Adapun form untuk melakukan audit 5R tersebut adalah sebagai berikut :
Sumber General Electric Material
Gambar 2.43 Contoh Gambar 5R
2.2.5.3 COQ ( Cost of Quality )
Istilah Cost of Quality banyak digunakan dalam berbagai industri. Kadang-kadang disebut dengan istilah yang sedikit lebih singkat, yaitu Quality Cost. Apapun bentuk yang dipakai, istilah ini seringkali salah diartikan. Cost of Quality bukan biaya
yang dibutuhkan untuk membuat produk yang berkualitas. Cost of Quality adalah biaya yang timbul karena tidak menghasilkan produk atau servis berkualitas.

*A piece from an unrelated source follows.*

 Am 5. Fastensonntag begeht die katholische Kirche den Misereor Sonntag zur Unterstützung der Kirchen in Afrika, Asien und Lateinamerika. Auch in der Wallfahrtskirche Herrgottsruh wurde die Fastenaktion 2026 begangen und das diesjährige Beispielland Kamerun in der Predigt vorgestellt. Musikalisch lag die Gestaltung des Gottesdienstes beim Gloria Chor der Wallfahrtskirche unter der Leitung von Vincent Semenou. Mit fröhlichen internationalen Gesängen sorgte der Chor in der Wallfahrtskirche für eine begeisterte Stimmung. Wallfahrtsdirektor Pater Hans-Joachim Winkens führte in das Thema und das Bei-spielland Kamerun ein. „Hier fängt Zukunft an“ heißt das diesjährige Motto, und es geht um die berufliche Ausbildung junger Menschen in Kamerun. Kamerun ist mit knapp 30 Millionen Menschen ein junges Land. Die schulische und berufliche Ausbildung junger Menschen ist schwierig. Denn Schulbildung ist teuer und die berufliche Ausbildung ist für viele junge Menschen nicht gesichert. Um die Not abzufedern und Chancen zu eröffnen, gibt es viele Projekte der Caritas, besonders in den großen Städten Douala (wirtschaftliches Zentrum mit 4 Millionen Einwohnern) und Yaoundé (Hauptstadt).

Setiap kali kita mengulang pekerjaan, maka biaya kualitas akan naik.
Berikut ini contoh- contoh pekerjaan ulang yang seringkali dilakukan demi tercapainya kualitas yang diinginkan.
• rework barang jadi
• pengecekan atau inspeksi ulang produk • pembuatan ulang atau modifikasi tooling
• pengulangan pekerjaan pada sektor pelayanan, misalnya mengulang proses pengajuan pinjaman, penggantian makanan di sebuah restoran, dsb.

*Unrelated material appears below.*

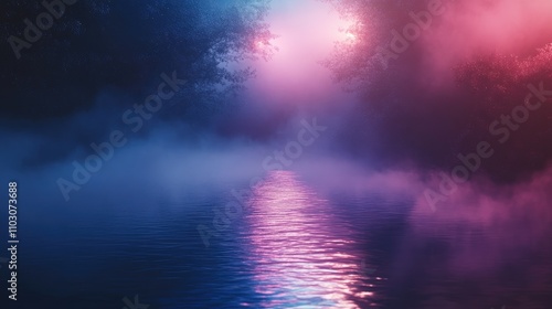 Misty pathway with vibrant reflections on water under a dark blue backdrop, creating a solitary atmosphere enhanced by neon lights and radiant rays.

Secara singkat semua biaya yang ditimbulkan akibat kualitas tidak dihasilkan pada saat pertama kali dikerjakan adalah bagian dari Cost of Quality.

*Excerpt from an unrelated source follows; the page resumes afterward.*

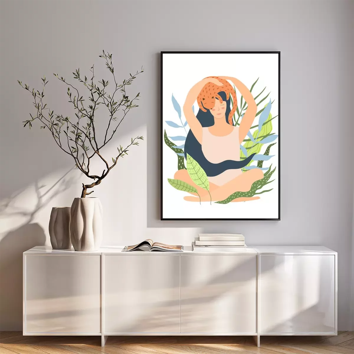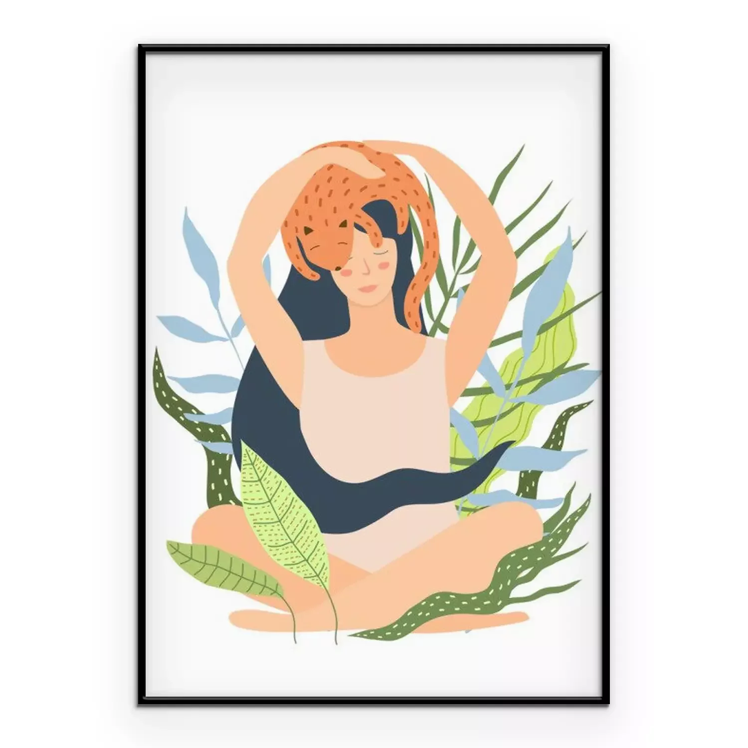 Poster  Femme détendue avec un chat sur la tête

secara umum Cost of Quality dibagi menjadi beberapa bagian, yaitu: • Prevention Cost
Semua biaya yang dikeluarkan untuk mencegah problem kualitas dihasilkan. Misalnya biaya review, biaya selama proses APQP, survei kemampuan supplier, evaluasi process capability, proyek-proyek untuk memperbaiki kualitas, training dan pendidikan teknis.
• Appraisal Cost
Semua biaya yang berhubungan dengan pengukuran, evaluasi atau audit produk atau servis untuk memastikan kesesuaian terhadap standar kualitas
atau persyaratan lainnya. Misalnya incoming inspection terhadap bahan baku, in-process inspection produk, final inspection produk, audit produk, kalibrasi alat ukur dan kalibrasi mesin.
• Failure Cost
Biaya yang ditimbulkan akibat produk atau servis tidak sesuai dengan persyaratan customer atau ketentuan lainnya. Failure Cost biasanya dibagi menjadi 2, yaitu:
• Internal failure cost
Yaitu biaya yang ditimbulkan sebelum produk dikirim ke customer. Misalnya scrap, rework, inspeksi ulang, downgrade produk.
• External failure cost
Yaitu biaya yang ditimbulkan setelah pengiriman produk ke customer. Misalnya biaya untuk menangani komplain dari customer, pengembalian barang oleh customer, warranty claim, penarikan produk yang telah beredar (product recall).
Cost of Quality adalah penjumlahan dari semua biaya-biaya diatas. Jadi Cost of quality berbeda dengan actual cost produk, dimana biasanya yang diperhitungkan
hanya berupa komponen material, ongkos produksi, ongkos pengiriman dan margin keuntungan. Cost of Quality mendata semua tindakan yang dilakukan baik untuk mencegah terjadinya problem (preventive cost), untuk memastikan tidak ada problem
(appraisal cost) dan untuk menindaklanjuti problem yang ada (failure cost), baik sebelum dikirim ke customer ataupun setelah dikirim ke customer.